## Goal of the exercise
These records are to be written out exactly as they read, minus the pictures.

[[ Input records open ]]

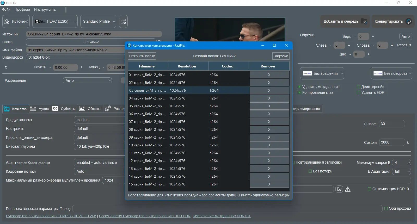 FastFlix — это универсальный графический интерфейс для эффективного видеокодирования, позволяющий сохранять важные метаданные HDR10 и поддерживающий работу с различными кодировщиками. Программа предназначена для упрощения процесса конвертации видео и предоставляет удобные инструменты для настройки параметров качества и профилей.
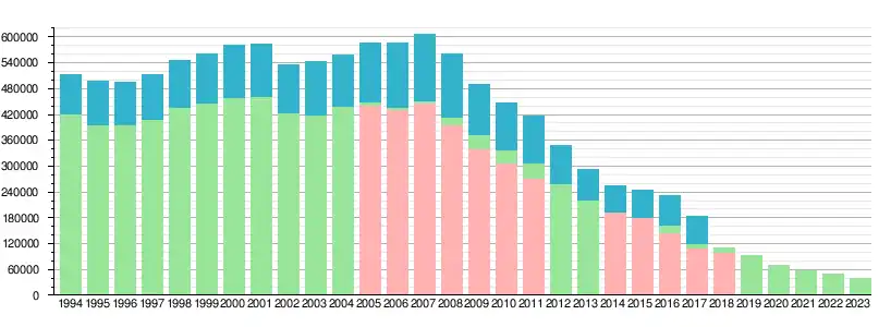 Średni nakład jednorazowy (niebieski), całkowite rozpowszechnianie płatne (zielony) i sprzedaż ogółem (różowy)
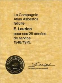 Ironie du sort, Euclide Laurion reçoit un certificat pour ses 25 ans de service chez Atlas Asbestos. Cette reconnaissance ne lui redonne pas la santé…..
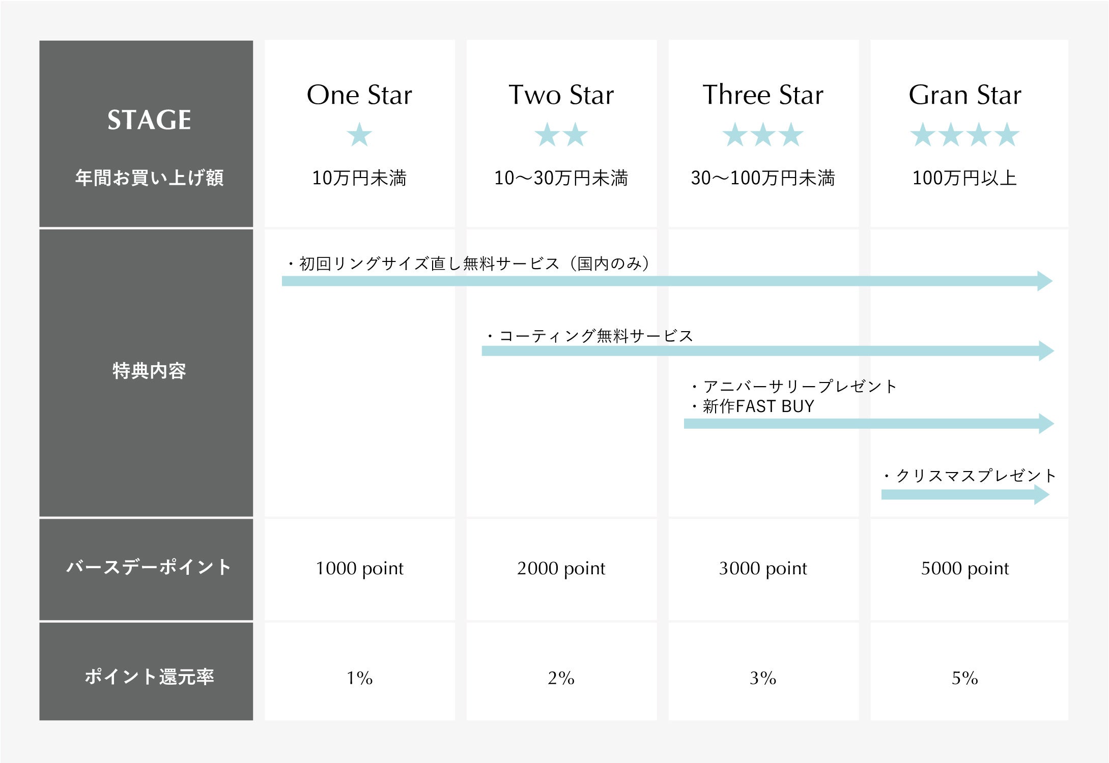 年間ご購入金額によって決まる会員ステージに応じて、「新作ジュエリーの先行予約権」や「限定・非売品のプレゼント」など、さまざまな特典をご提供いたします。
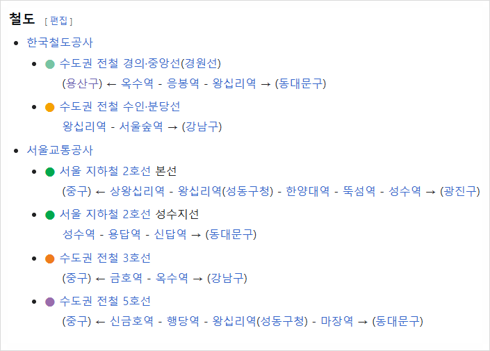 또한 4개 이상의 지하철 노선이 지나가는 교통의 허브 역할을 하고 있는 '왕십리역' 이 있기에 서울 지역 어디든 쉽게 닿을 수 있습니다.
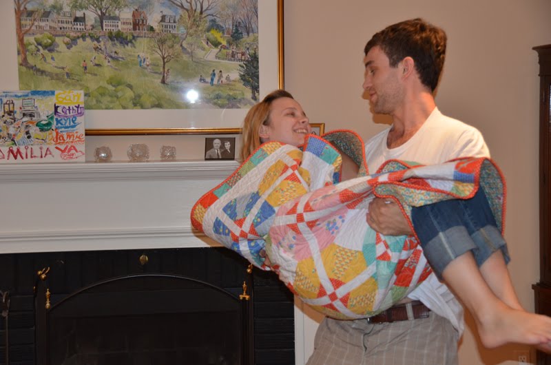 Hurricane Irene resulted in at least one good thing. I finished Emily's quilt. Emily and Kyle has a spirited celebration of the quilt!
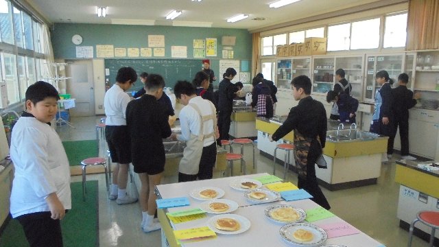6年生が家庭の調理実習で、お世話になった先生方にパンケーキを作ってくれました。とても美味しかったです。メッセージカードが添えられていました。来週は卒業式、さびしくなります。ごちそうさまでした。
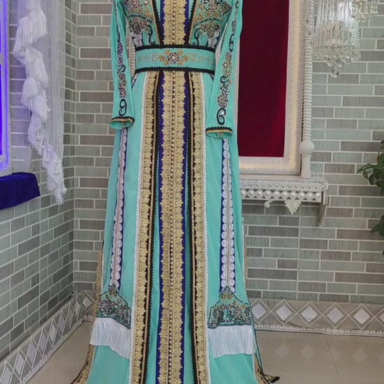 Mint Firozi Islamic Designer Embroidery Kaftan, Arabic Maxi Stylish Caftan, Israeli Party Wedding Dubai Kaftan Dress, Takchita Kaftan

[[ Input records closed ]]

## Result below
 FastFlix — это универсальный графический интерфейс для эффективного видеокодирования, позволяющий сохранять важные метаданные HDR10 и поддерживающий работу с различными кодировщиками. Программа предназначена для упрощения процесса конвертации видео и предоставляет удобные инструменты для настройки параметров качества и профилей.
 Średni nakład jednorazowy (niebieski), całkowite rozpowszechnianie płatne (zielony) i sprzedaż ogółem (różowy)
 Ironie du sort, Euclide Laurion reçoit un certificat pour ses 25 ans de service chez Atlas Asbestos. Cette reconnaissance ne lui redonne pas la santé…..
 年間ご購入金額によって決まる会員ステージに応じて、「新作ジュエリーの先行予約権」や「限定・非売品のプレゼント」など、さまざまな特典をご提供いたします。
 또한 4개 이상의 지하철 노선이 지나가는 교통의 허브 역할을 하고 있는 '왕십리역' 이 있기에 서울 지역 어디든 쉽게 닿을 수 있습니다.
 Hurricane Irene resulted in at least one good thing. I finished Emily's quilt. Emily and Kyle has a spirited celebration of the quilt!
6年生が家庭の調理実習で、お世話になった先生方にパンケーキを作ってくれました。とても美味しかったです。メッセージカードが添えられていました。来週は卒業式、さびしくなります。ごちそうさまでした。
 Mint Firozi Islamic Designer Embroidery Kaftan, Arabic Maxi Stylish Caftan, Israeli Party Wedding Dubai Kaftan Dress, Takchita Kaftan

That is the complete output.